In August, JAMA Internal Medicine published that there might be about 48,000 fewer primary care physicians by 2032, which study authors say could have drastic implications for healthcare and its delivery across the United States. The study suggests that encouraging residents to pursue careers in general internal medicine is more important than ever.

Dr. Lauren Block, a study co-author with Northwell Health’s Feinstein Institutes for Medical Research, said there are several reasons for this trend, including patient preferences toward “inter-visit care,” through email, text or phone.

For physicians, Block also said hospital medicine has become a more appealing career choice for internal medicine residents because of the desirable schedule, less documentation and higher salary.
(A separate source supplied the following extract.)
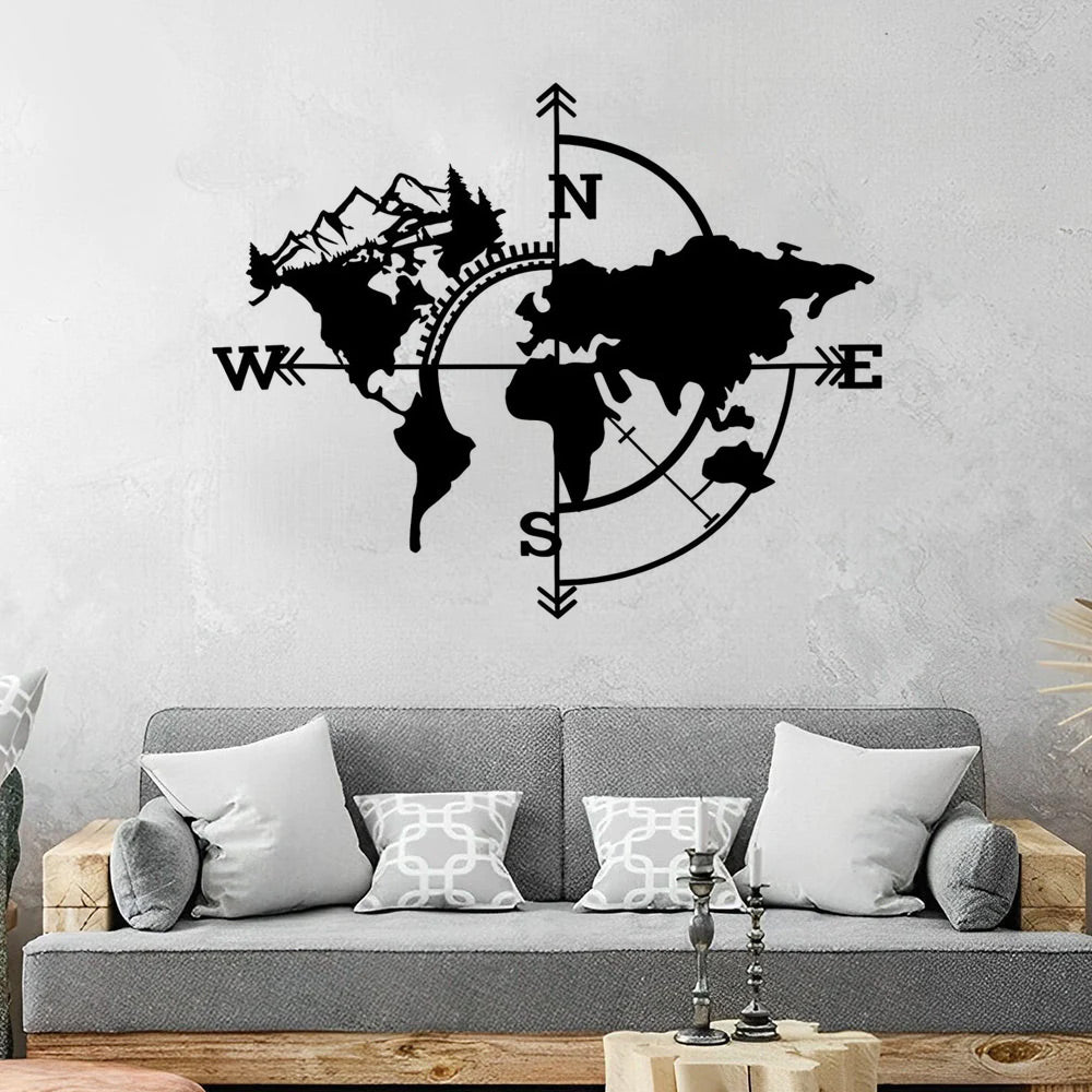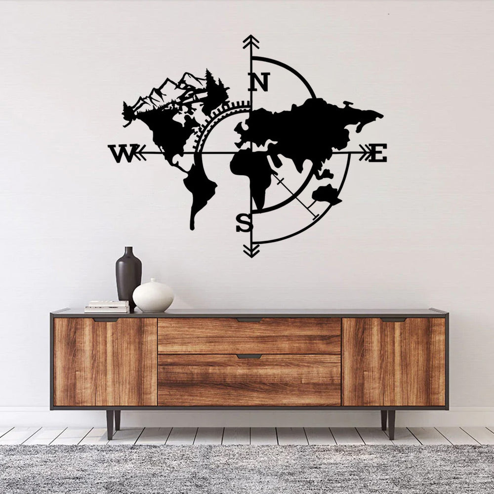 Karte und Kompass Metall Wandkunst

“This has implications for the workforce,” she said. “And for all those who need a primary care doctor, for chronic disease management, when new things come up, and to discuss preventive care with.”

A study conducted a nationwide survey of internal medicine residents between 2019 and 2021. It found that more of them were interested in subspecialties of hospital medicine rather than general internal medicine.

This survey emphasized the categorical and primary care tracks for internal medicine residents interested in entering the primary care field.

Block said she hopes to increase out-patient setting training, allowing medical students and residents to observe and learn from important primary care practices. She also emphasized the need for national efforts to provide “pay parity” — paying people fairly and consistently for the same position — and more “pay equity” — paying people of different demographics the same for similar work — for all healthcare providers.

“We as a country have a lot to do in terms of making primary care the desirable career that it used to be to meet people’s needs for healthcare across the lifespan,” Block said.

Clare Gehlich is a former news intern at WSHU.